Air quality reaches ‘unhealthy’ levels

A 'Spare the Air' alert was issued Aug. 23

The Bay Area Air Quality Management District issued a Spare the Air Alert Thursday, Aug. 23, as ozone and particulate pollution from Northern California and Sierra Nevada wildfires reached dangerous levels from San Francisco to San Luis Obispo.

On Thursday the most dangerous area, with “unhealthy” levels, was San Francisco, where people in all age groups, even those in good health, “may begin to experience negative health effects.”

On Friday morning, Aug. 24, conditions eased in San Francisco, but worsened in southern Santa Clara County and San Benito County, where unhealthy levels of pollution increased.

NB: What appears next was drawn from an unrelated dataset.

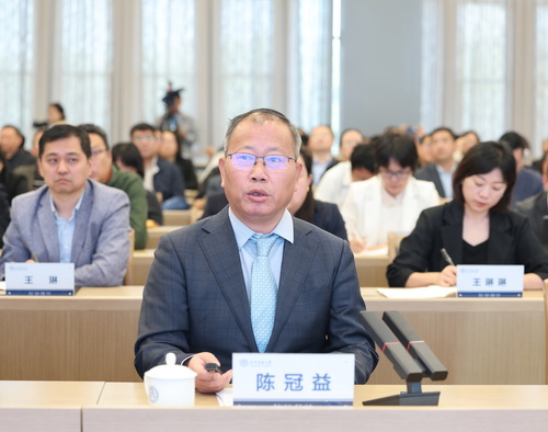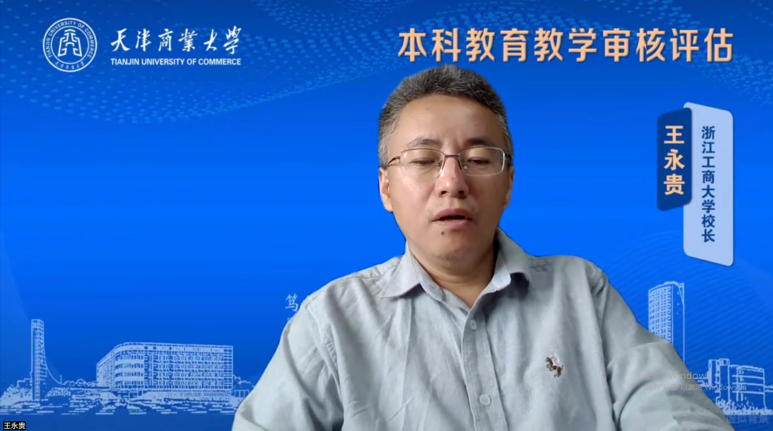 陳冠益代表學校作審核評估自評工作匯報。他從歷史沿革、校區建設、師資隊伍、學科引領、專業布局、國際合作六個維度介紹了學?;厩闆r,展現學校辦學基礎與綜合實力;隨后,圍繞本科教育教學改革的核心方向,從黨建引領筑牢育人根基、思政鑄魂培育時代新人、商科彰顯塑造育人特色、商工融合拓展學科優勢、雙創賦能貫通人才培養、產教協同共育卓越人才六個重點方面,全面闡述本科教育教學創新舉措與實踐成效。

Friday afternoon conditions eased somewhat in the South Valley and San Benito, with the designation shifting from “unhealthy” to “moderate levels” of ozone and particulate pollution.

The district warned that people in “sensitive groups” — those with heart or lung disease (including asthma and chronic obstructive pulmonary disease-COPD), older adults, children, pregnant women, newborns, and people with obesity or diabetes— may be more susceptible to the effects of particle pollution in unhealthy or moderate conditions, with irritation of the eyes, nose, and throat, coughing, chest tightness and shortness of breath.